TASK ITEM: Pictures stay out of the copy. Retype exactly, and only, the lines from the one containing "エンジェルAIは、これまで手作業で行っていた 契約書の整理・投資履歴の管理・税制チェック を自動化。" through the end of the listing below.

DATA SUPPLIED:
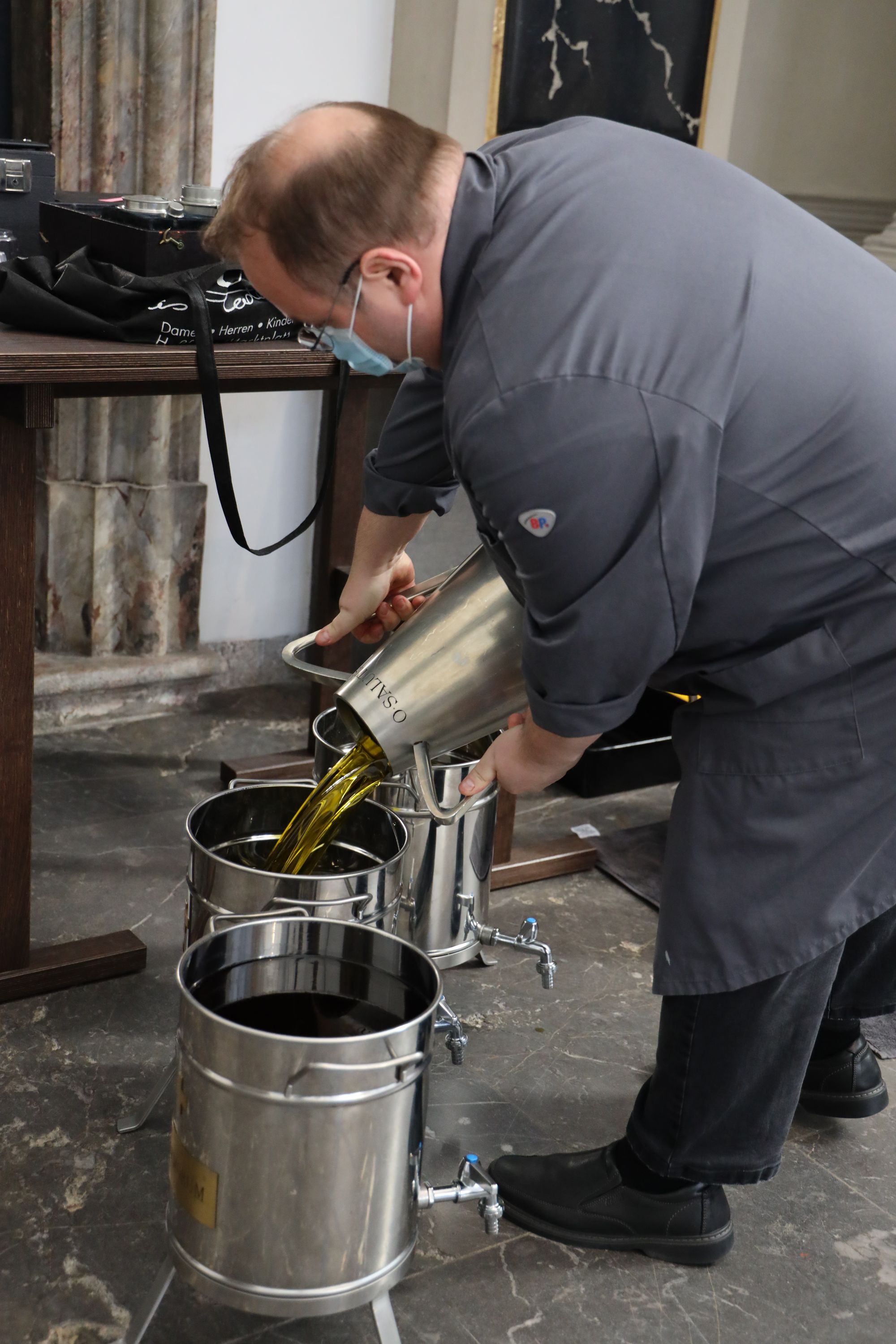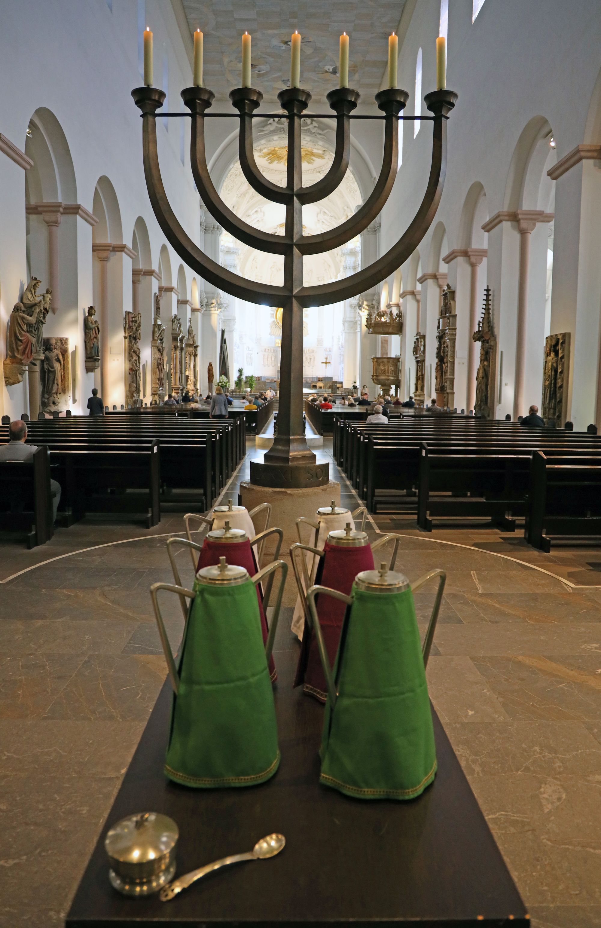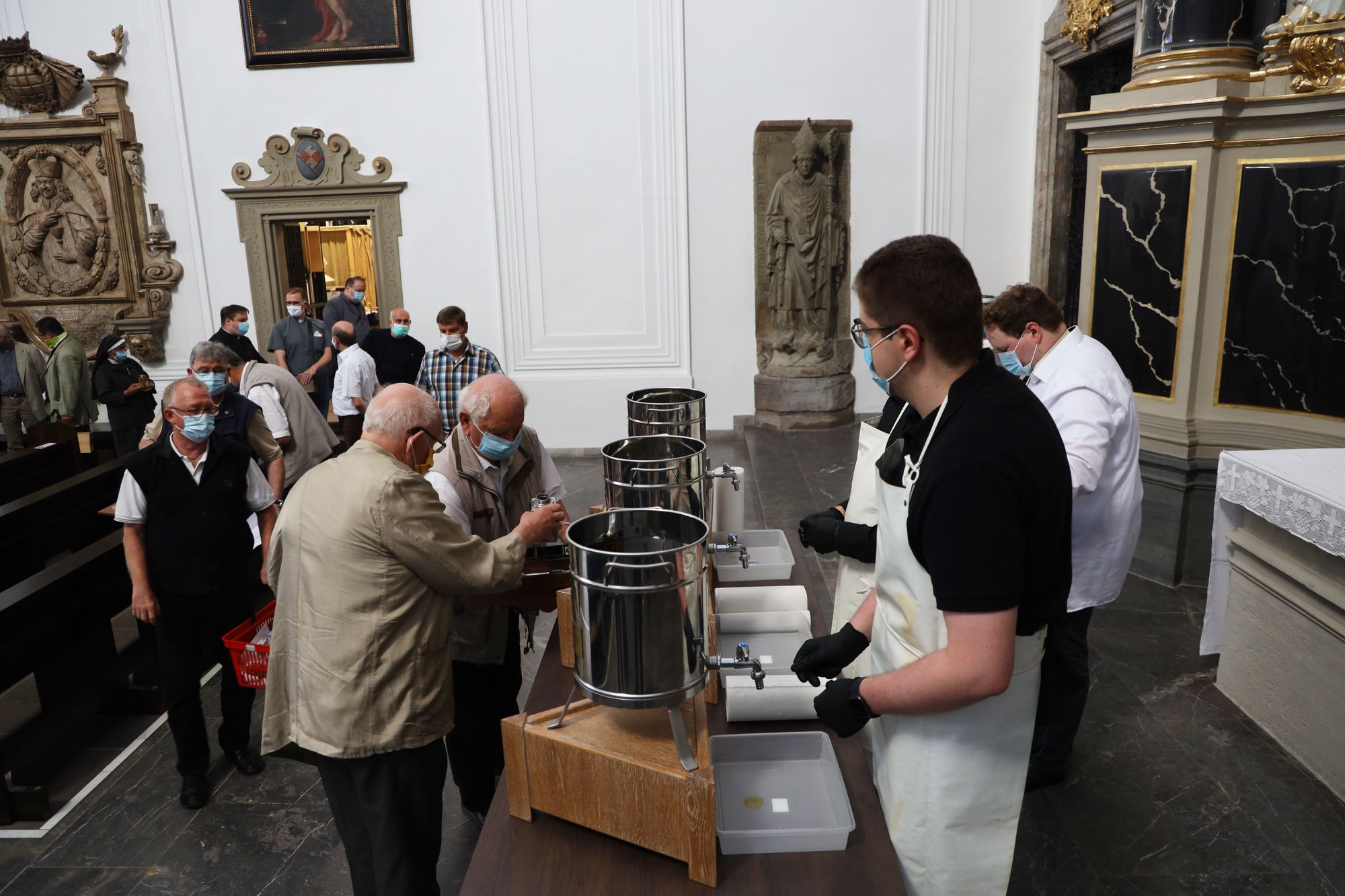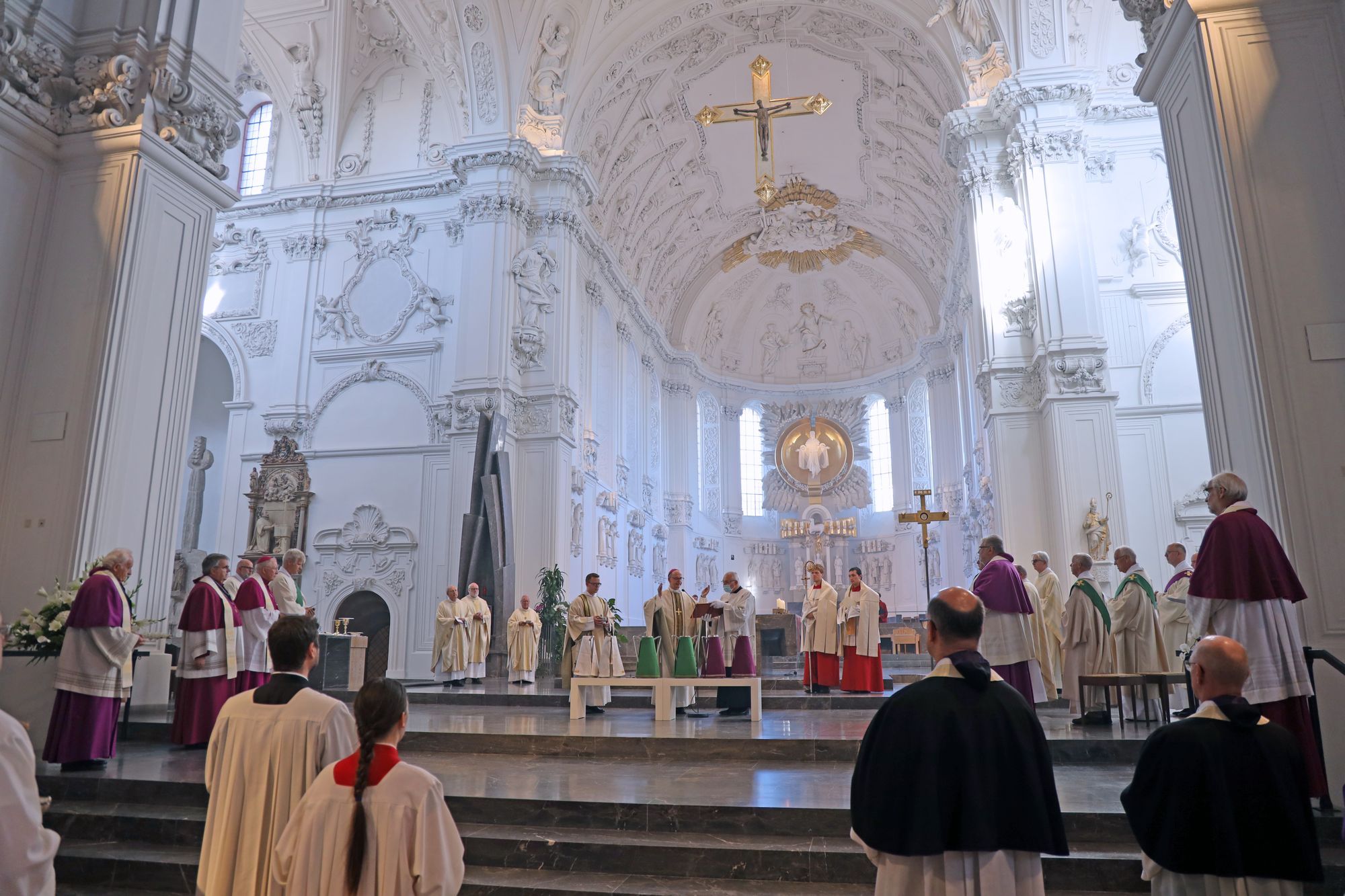 Würzburg (POW) Bischof Dr. Franz Jung hat am Dienstagnachmittag, 8. September die Heiligen Öle für alle 156 Pfarreiengemeinschaften und 17 großen Einzelpfarreien im Bistum Würzburg im Würzburger Kiliansdom geweiht: das Katechumenenöl für die Salbung der Taufbewerber, das Chrisamöl für Taufe, Firmung, Priester- und Bischofsweihe sowie für die Weihe von Kirchen und Altären, das Krankenöl für die Krankensalbung. Die Priester und Diakone erneuerten im Gottesdienst ihr Weiheversprechen. Wegen der Coronapandemie konnte der Gottesdienst nicht wie sonst üblich in der Karwoche gefeiert werden.
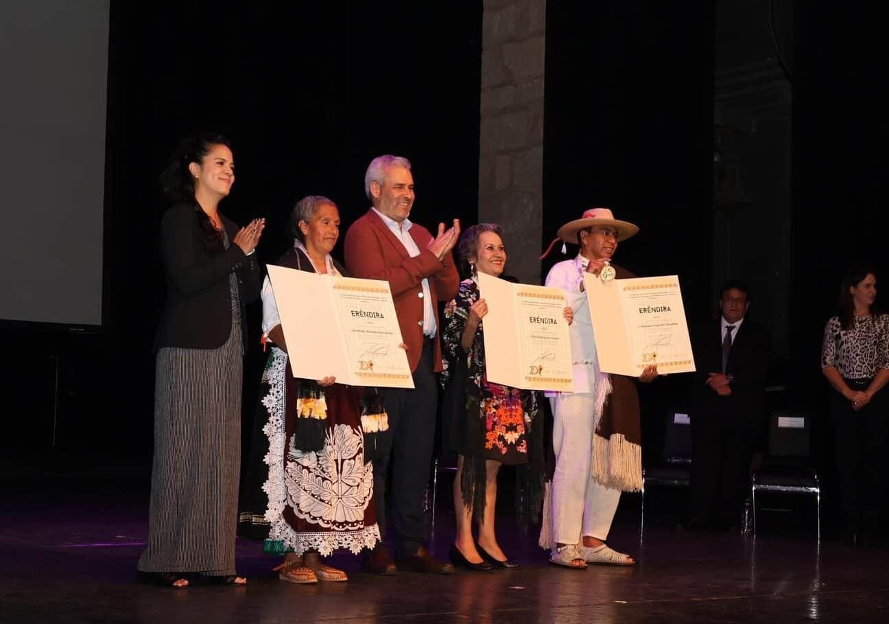 Morelia, Michoacán, 10 de octubre de 2024.- En el Teatro Melchor Ocampo se llevó a cabo la ceremonia de entrega del 𝐏𝐫𝐞𝐦𝐢𝐨 𝐄𝐬𝐭𝐚𝐭𝐚𝐥 𝐝𝐞 𝐥𝐚𝐬 𝐀𝐫𝐭𝐞𝐬 𝐄𝐫é𝐧𝐝𝐢𝐫𝐚 𝟐𝟎𝟐𝟒 por parte de la Secretaría de cultura del gobierno del estado. En el evento que contó con la presencia del Gobernador Alfredo Ramírez y la Secretaría de Culturta Tamara Sosa, el Gobierno de Michoacán entrego un galardón a quienes enaltecen la cultura
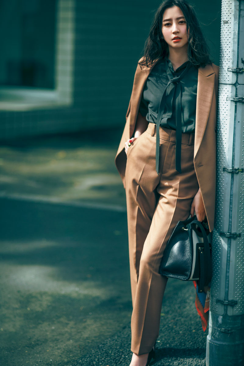 春夏のデビューシーズンでも大人気だった、アンクレイヴのアイコン的存在のセットアップ。しなやかなウール素材で着たときのシルエットの美しさにうっとり!インナーを替えて休日にも。ジャケット¥24,000ブラウス¥14,000パンツ¥16,000(すべてアンクレイヴ)バッグ¥69,000(プリニオヴィソナ/アオイ)パンプス¥52,000(ペリーコ/アマン)スカーフ¥16,000(マニプリ/フラッパーズ)リング¥7,280(ソコ/ZUTTOHOLIC)
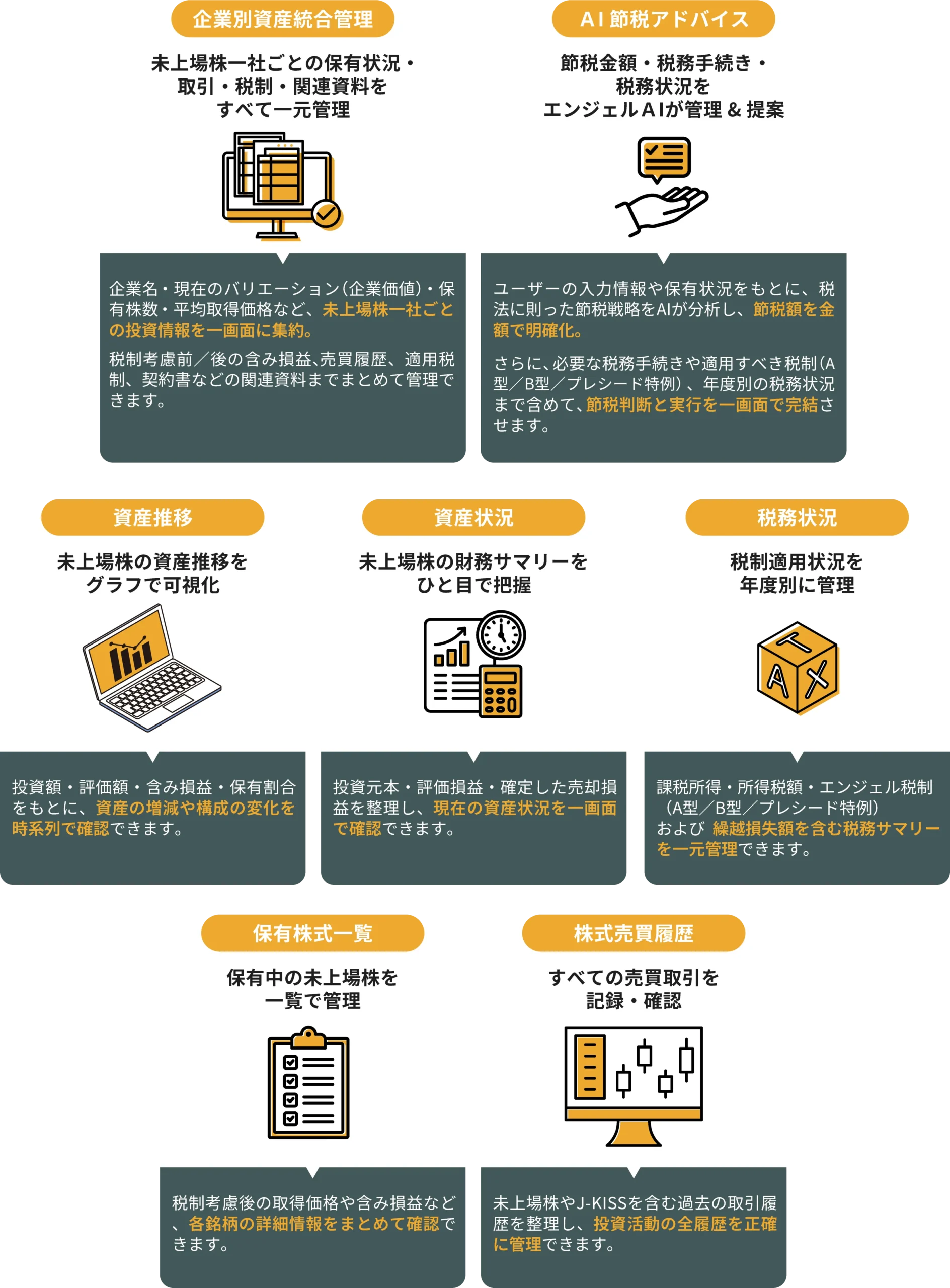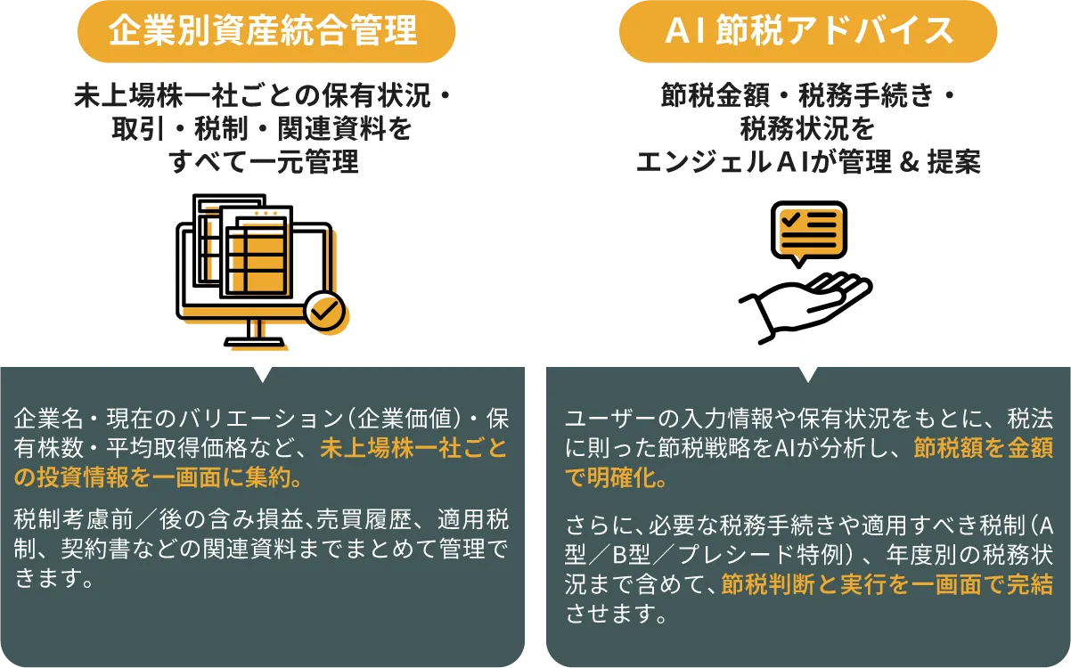 エンジェルAIは、これまで手作業で行っていた 契約書の整理・投資履歴の管理・税制チェック を自動化。 複雑な未上場株の管理を、誰でも簡単に扱えるようにします。
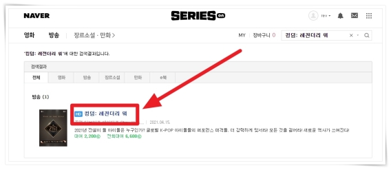 ▼ 검색 결과에서 방송을 클릭해 주세요.

YOUR RESPONSE:
 エンジェルAIは、これまで手作業で行っていた 契約書の整理・投資履歴の管理・税制チェック を自動化。 複雑な未上場株の管理を、誰でも簡単に扱えるようにします。
 ▼ 검색 결과에서 방송을 클릭해 주세요.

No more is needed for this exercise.